I'm interested to learn what you find. I'm also interested to know if draining the dishwasher to the tee instead of to the disposal is a factor.

Does you dishwasher have a filter?


----------



## bernstem (Jan 16, 2018)

@ionicatoms That is a good point. Why is the dishwasher plumbed there instead of into the disposal? Maybe switching the dishwasher to drain into the garbage disposal will fix the problem.


----------



## CLT49er (Jun 19, 2020)

I havent had an issue with anything coming out of dishwasher. The stuff I unclogged is purely lettuce for example. Maybe I'm missing something.

My last two houses were like this.
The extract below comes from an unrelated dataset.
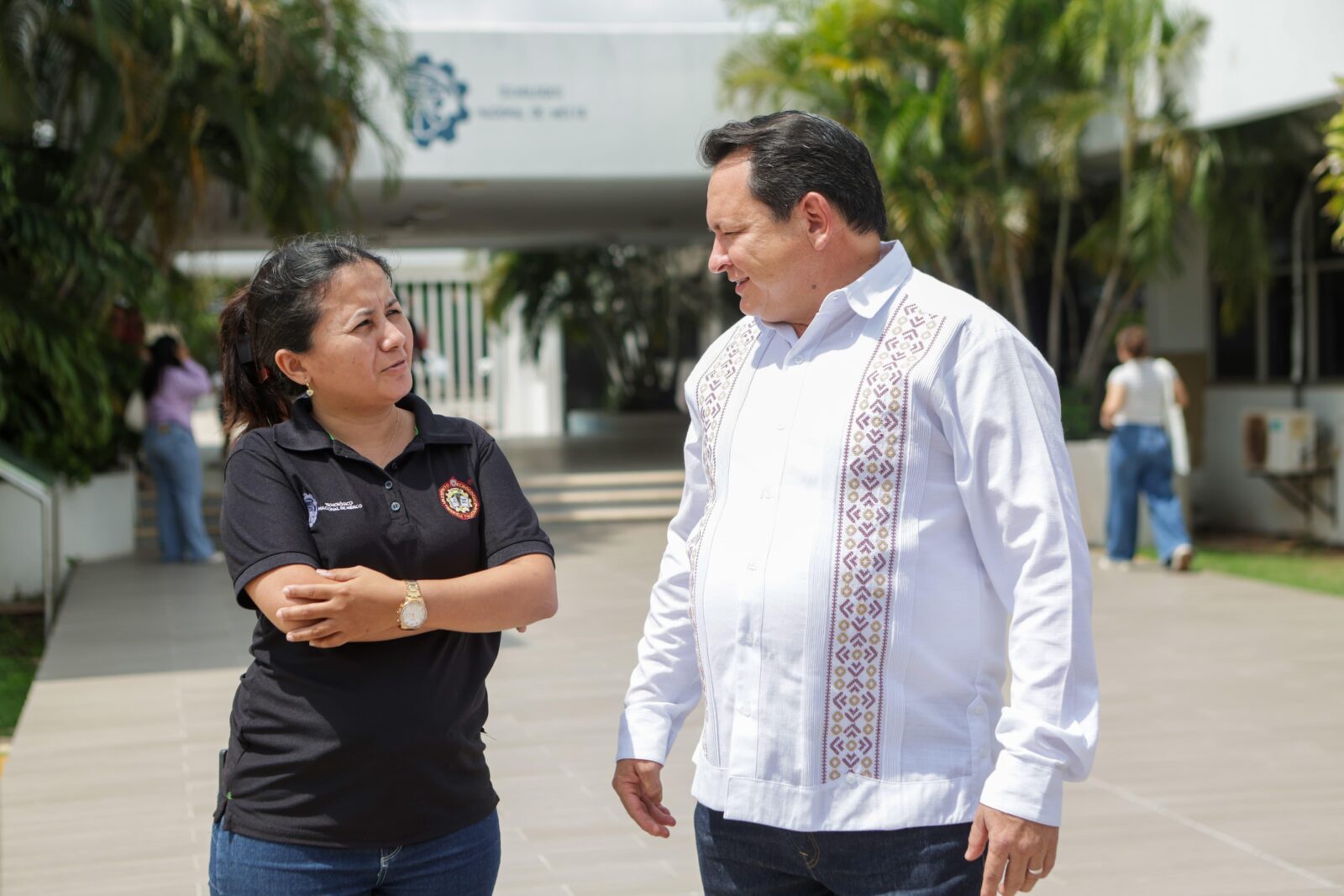 Acompañaron al Gobernador en el recorrido la secretaria y subsecretaria del Bienestar, Fátima Perera Salazar y Adela Escamilla Acevedo, respectivamente, así como la subdirectora del Tecnológico de Mérida, Guillermina Peña Padilla.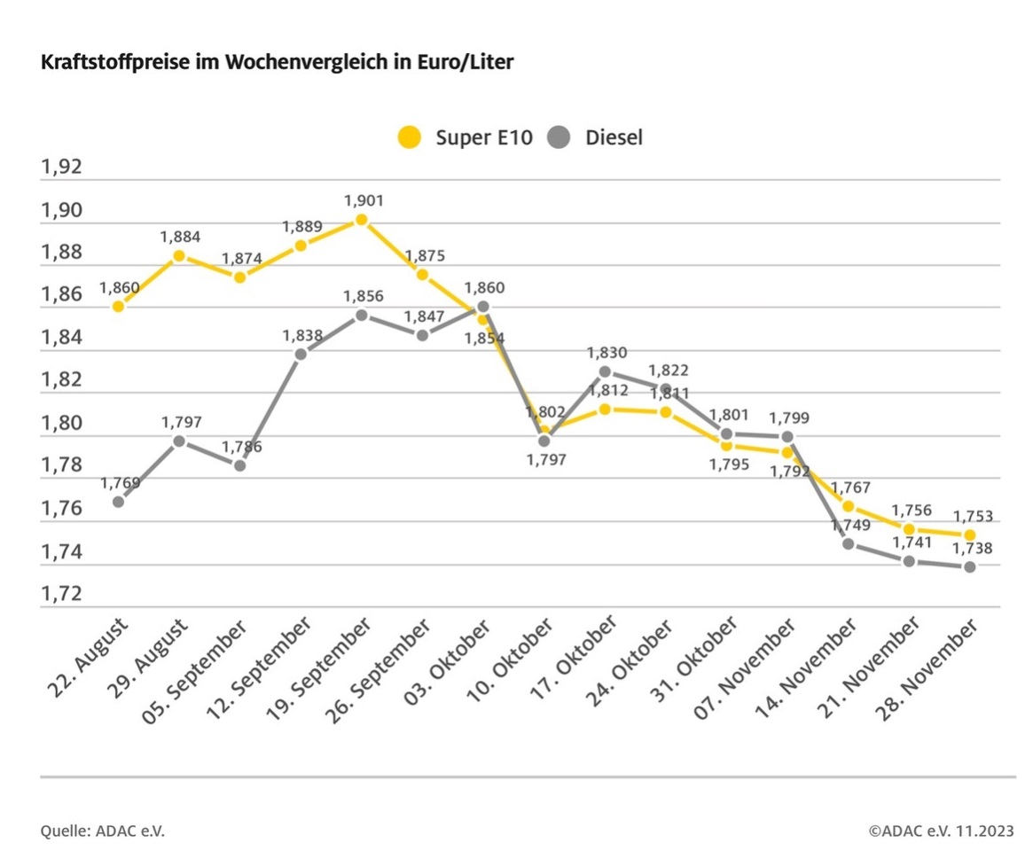 Seit Mitte des Monats November haben sich die Kraftstoffpreise weiter stabilisiert, sie treten mehr oder weniger auf der Stelle. Das zeigt die aktuelle ADAC Auswertung der Kraftstoffpreise in Deutschland. Danach kostet ein Liter Super E10 im bundesweiten Schnitt 1,753 Euro – das sind 0,3 Cent weniger als vor einer Woche. Auch Diesel ist um 0,3 Cent günstiger: Für einen Liter müssen die Autofahrerinnen und Autofahrer derzeit 1,738 Euro bezahlen.

I know youre not "supposed" to put down things like lettuce or potato peels. But it should seriously not clog this often. My wife has clogged it 15 times and me, zero times. So theres that. Lol.


----------



## jabopy (Nov 24, 2018)

We had this problem once forcing too much at a time, plus try pouring a bowl full of water at the same time. Best of all is to compost vegetable leftovers.


----------



## ionicatoms (Mar 8, 2020)

Upgrade the disposal; after that cleaning out the drain is on her. I bet the problem goes away if she has to crawl under the sink.

Vegetables can be washed in a colander or basket to prevent excessive leaf tissue from going into the drain. Not sure what the performance limits are on these devices. Never had to shop for one.


----------



## White94RX (Jan 23, 2021)

I miss my disposal. Septic tank life. Can't flush the toilet wipes either.

On the other hand, my water bill is cheap, even when using heavy irrigation. No waste water treatment fees!


----------